EMMA B. VEDOVA GIOCASTA @ OFF/OFF Theatre : Metamorfosi del ricordo

Andiamo sempre volentieri alle prime dell'Off/Off Theatre perché corriamo sempre il rischio di assistere a casi esemplari di buon Teatro. Quindi senza attendere conclusioni, considerazioni, riflessioni dichiariamo da subito il nostro apprezzamento per questa piéce per il motivo che da "subito" ci arriva la necessaria percezione. Subito: spente le luci di sala, scemata la musica, alle prime battute di Alberto Savino in bocca a Elena Croce.

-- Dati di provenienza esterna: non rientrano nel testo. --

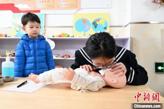 内蒙古呼和浩特市,幼儿保育专业学生展示海姆立克急救法。中新网记者 刘文华 摄
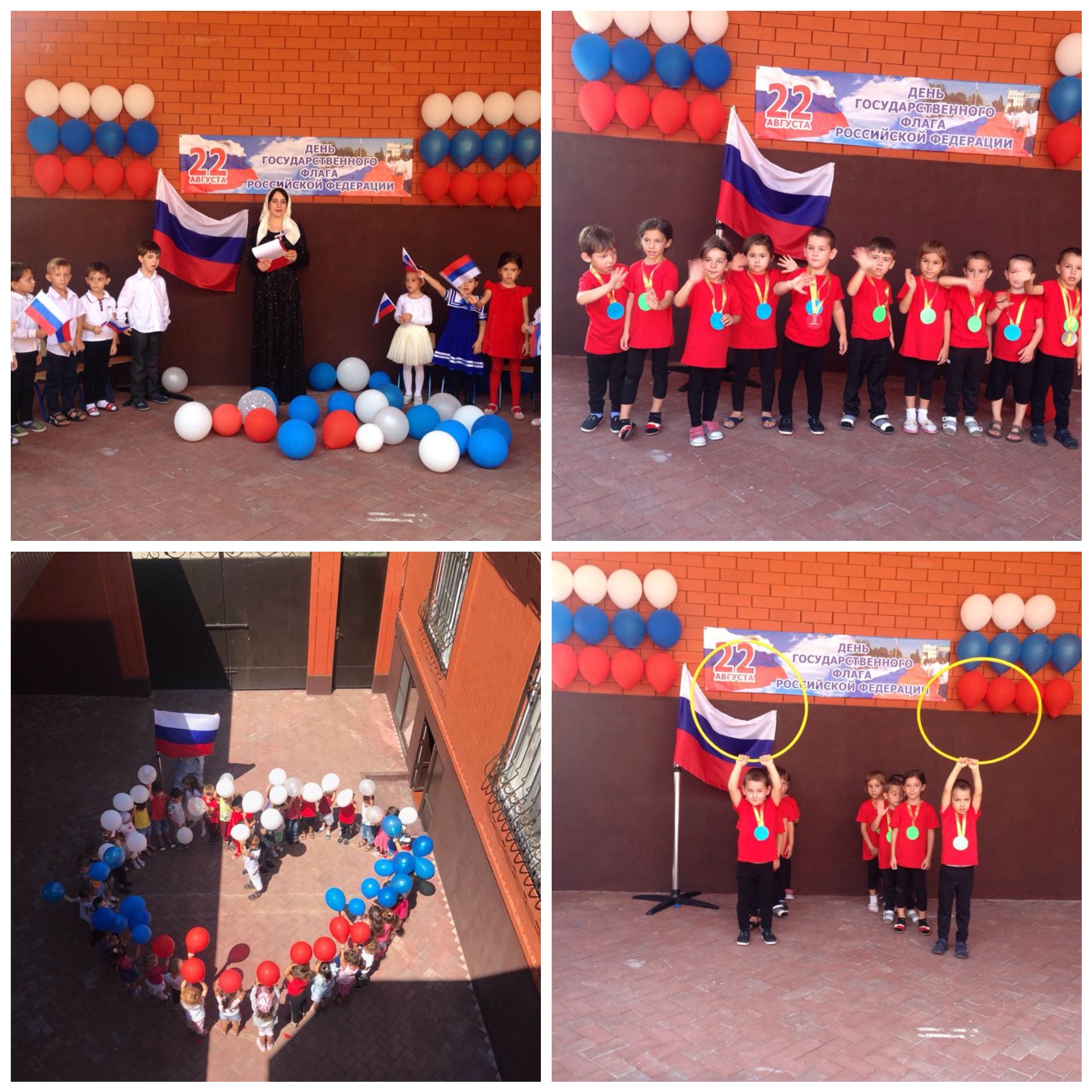 Ежегодно 22 августа в России отмечается День Государственного флага Российской Федерации. В этот день в нашем саду прошел праздник, посвященный Дню Российского флага. Детям рассказали об истории российского государственного символа, значении цветов на российском бело-сине-красном триколоре. Дети обсудили, где можно увидеть флаг России. Дети стоя, в торжественной обстановке послушали гимн России в аудиозаписи. Ребята узнали о значимости гимна для нашей страны, зачем он нужен, чему посвящен.

Il buon Teatro dunque non indugia. Non c'è attesa per chi sta comodo in platea. La razza della Croce è evidente. Ma torniamo al nostro lavoro: la commedia ha debuttato il 16 febbraio e rimarrà in scena sino al 18 febbraio. Pochi giorni.

Dopo quindici anni arriva la lettera del figlio. Emma B. assapora il gusto della fine di quella lunga ed estenuante attesa. Troppo per questa madre, e per qualsiasi altra. Le pagine sono fitte. Devono contenere e raccontare quel silenzio tra portatori del medesimo sangue. Emma lancia quei fogli in aria: è felice. Lui annuncia che verrà a trovarla. C'è ancora un tempo tra l'incontro e il ricordo di quella esistenza appesa alla creazione umana di quell'unico figlio. I fatti emergono dolci come zucchero e ispidi come la barba del canuto; si affastellano nella fragile mente di Emma. Un fondale di tende bianche è interrotto dalla figura severa di un grande armadio di legno bruno: è il muro dove tutto si ferma. Il corpo e i pensieri del personaggio. Ogni cosa vi rimbalza. Ostruisce la fuga ed Emma che intanto vi inveisce contro e batte i palmi sulle ante secche e sorde. Le parole scivolano giù agevolate da quel peduncolo di palco scosceso verso il pubblico. Lo spazio scenico voluto da Riccardo Gargiulo e Valeria Foti (che firmano anche il disegno luci) è voluto. Pensato. Partorito come il figlio di questa storia. E in quel pendio di scena, il personaggio abilmente si inerpica, cade e ricade, sorretto e oltraggiato dalle sue parole stesse. Appare a noi della platea come un minuscolo sassolino sulla battigia. Ci sono le onde del pensiero e dei ricordi che la muovono.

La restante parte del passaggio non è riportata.